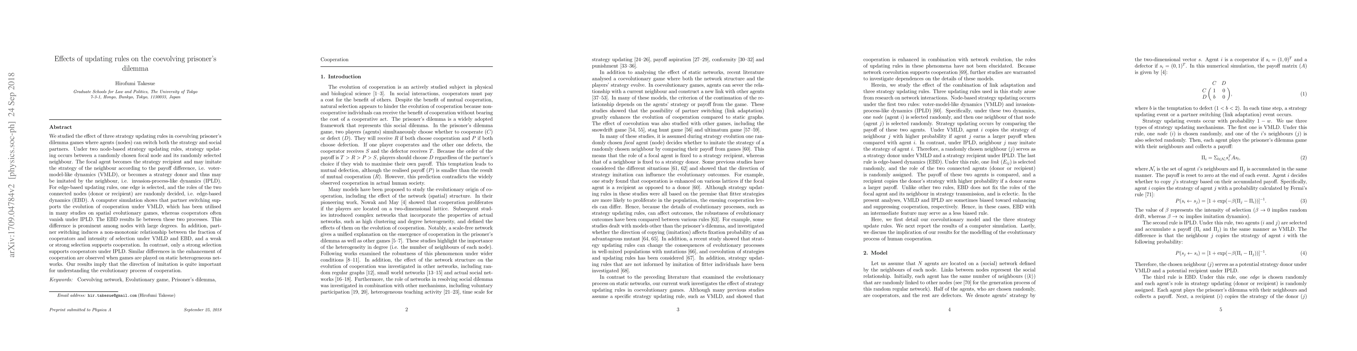 We studied the effect of three strategy updating rules in coevolving prisoner's dilemma games where agents (nodes) can switch both the strategy and social partners. Under two node-based strategy updating rules, strategy updating occurs between a randomly chosen focal node and its randomly selected neighbour. The focal agent becomes the strategy recipient and may imitate the strategy of the neighbour according to the payoff difference, i.e. voter-model-like dynamics (VMLD), or becomes a strategy donor and thus may be imitated by the neighbour, i.e. invasion-process-like dynamics (IPLD). For edge-based updating rules, one edge is selected, and the roles of the two connected nodes (donor or recipient) are randomly decided, i.e. edge-based dynamics (EBD). A computer simulation shows that partner switching supports the evolution of cooperation under VMLD, which has been utilised in many studies on spatial evolutionary games, whereas cooperators often vanish under IPLD. The EBD results lie between these two processes. This difference is prominent among nodes with large degrees. In addition, partner switching induces a non-monotonic relationship between the fraction of cooperators and intensity of selection under VMLD and EBD, and a weak or strong selection supports cooperation. In contrast, only a strong selection supports cooperators under IPLD. Similar differences in the enhancement of cooperation are observed when games are played on static heterogeneous networks. Our results imply that the direction of imitation is quite important for understanding the evolutionary process of cooperation.
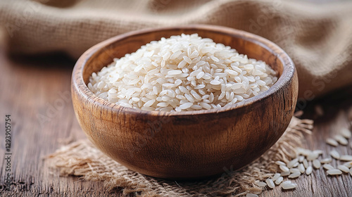 Wooden Bowl Filled with Rice: A simple, yet comforting, image of uncooked rice, perfect for showcasing staple foods or healthy eating.
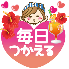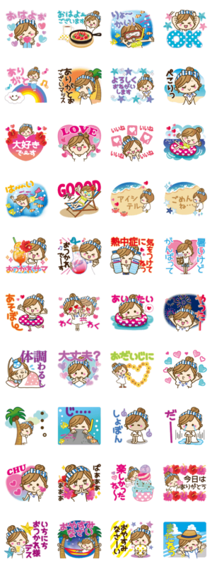 海やリゾート…夏気分満載のさわやかスタンプです♥毎日使える日常言葉から彼氏(カップル)や家族へのラブラブ/気づかい言葉まで♥気分を上げて〜暑い夏をのりきりましょ♪

....

**What is required:** Your answer must be an exact copy of the listing, minus its pictures.

**Task solution:**
 We studied the effect of three strategy updating rules in coevolving prisoner's dilemma games where agents (nodes) can switch both the strategy and social partners. Under two node-based strategy updating rules, strategy updating occurs between a randomly chosen focal node and its randomly selected neighbour. The focal agent becomes the strategy recipient and may imitate the strategy of the neighbour according to the payoff difference, i.e. voter-model-like dynamics (VMLD), or becomes a strategy donor and thus may be imitated by the neighbour, i.e. invasion-process-like dynamics (IPLD). For edge-based updating rules, one edge is selected, and the roles of the two connected nodes (donor or recipient) are randomly decided, i.e. edge-based dynamics (EBD). A computer simulation shows that partner switching supports the evolution of cooperation under VMLD, which has been utilised in many studies on spatial evolutionary games, whereas cooperators often vanish under IPLD. The EBD results lie between these two processes. This difference is prominent among nodes with large degrees. In addition, partner switching induces a non-monotonic relationship between the fraction of cooperators and intensity of selection under VMLD and EBD, and a weak or strong selection supports cooperation. In contrast, only a strong selection supports cooperators under IPLD. Similar differences in the enhancement of cooperation are observed when games are played on static heterogeneous networks. Our results imply that the direction of imitation is quite important for understanding the evolutionary process of cooperation.
 Wooden Bowl Filled with Rice: A simple, yet comforting, image of uncooked rice, perfect for showcasing staple foods or healthy eating.
 海やリゾート…夏気分満載のさわやかスタンプです♥毎日使える日常言葉から彼氏(カップル)や家族へのラブラブ/気づかい言葉まで♥気分を上げて〜暑い夏をのりきりましょ♪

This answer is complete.